Cet homme rêvait de nouvelles vêpres siciliennes dans les régions voisines de l’équateur.

Ses trames ourdies, Hopsake reprit la route de Gorée, rejoignit son navire et, ayant levé l’ancre après avoir reçu des approvisionnements du trop honnête du Casse, il repartit pour la Hollande.

On était dans les premiers jours de mars 1679. Peu de temps après, vers le 10 du même mois, les navires français qui naviguaient sur les côtes de ces pays prirent le large. A peine s’étaient-ils éloignés que le roi Sin se mit en pleine révolte. (Royaume de Joal.)

Il fit jeter les agents de la compagnie en prison et livra leurs magasins au pillage.

Le roi de Baol ne tarda pas à suivre l’exemple de son voisin et allié et à faire mettre également à sac les comptoirs de Joal.

A peine du Casse eut-il connaissance de ces désordres qu’avec son activité ordinaire, sans perdre un instant, il se mit en mesure de les réprimer.

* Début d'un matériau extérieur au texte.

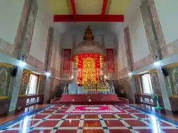 🎈Wat Phayap, Royal Monastery. This temple was founded in 1657. It's unknown who built it. Upon completion of the city of Nakhon Ratchasima, King Narai the Great ordered the restoration of six temples within the city walls: Wat Phra Narai Maharat, Wat Burap, Wat Bueng, Wat Phayap, Wat Isan, and Wat Sa Kaeo. The ordination hall at Wat Phayap is a late Ayutthaya-style chapel shaped like a junk boat and made of marble. Inside, the principal Buddha image, depicting the Buddha giving his first sermon with his feet hanging down, is enshrined. Wat Phayap was established as a royal temple on June 29, 2008.

De la rivière de Gambie où il se trouvait encore, il revient à Gorée, réunit les troupes françaises en garnison dans la colonie, et à leur tête entre dans le royaume de Baol. Il prend et brûle plusieurs villages sur la côte, bat partout les indigènes et terrifie la population. Maître en peu de jours de tout le littoral, il s’apprête à envahir l’intérieur du pays. Le roi de Baol, épouvanté des rapides progrès du corps expéditionnaire, envoie à du Casse deux grands seigneurs chargés d’implorer de lui la paix, s’en remettant presque à sa discrétion pour en déterminer les conditions. Du Casse exige qu’on lui livre comme otages deux parents du roi; puis il met à la voile dans la direction de Joal, où il fait une descente avec ses troupes. A peine a-t-il entamé les hostilités que le roi du pays envoie sa soumission.

Du Casse prend également deux otages à Joal, impose au roi un traité de paix très-avantageux pour la France et se rend le 5 avril à Rufisk. Persuadé qu’il a terrifié les nègres par ses deux rapides expéditions dans les royaumes du Baol et de Joal et qu’il ne court nul danger désormais, il débarque à Rufisk (royaume de Cayor) avec quelques agents, et seize matelots qui composent l’équipage de sa chaloupe. Pendant qu’il visite les magasins, il se trouve tout à coup entouré par plus de trois mille nègres; néanmoins la crainte qu’il leur inspire est si grande, que ceux-ci, tout en le menaçant, hésitent à s’emparer de sa personne. Cette hésitation de leur part donne le temps à du Casse de se retrancher dans les comptoirs; la lutte s’engage, les Français repoussent toutes les attaques pendant trois heures. La nuit vient enfin, mais les nègres, au moyen de flèches enflammées, mettent le feu aux magasins. Pour éviter d’être brûlé vif, du Casse sort avec son monde, s’ouvre un passage, parvient jusqu’au rivage et regagne sa chaloupe à la nage.

Il s’était tiré sain et sauf de cette bagarre, grâce à son courage et à sa résolution. Mais il n’en était pas de même de tous ses hommes. Sur seize matelots, dix avaient été tués et quatre grièvement blessés. Les agents qui l’accompagnaient avaient été éprouvés dans la même proportion.

Le lendemain, du Casse arme des brigantins et des chaloupes pour courir sus, le long de la côte, aux bateaux-pêcheurs nègres.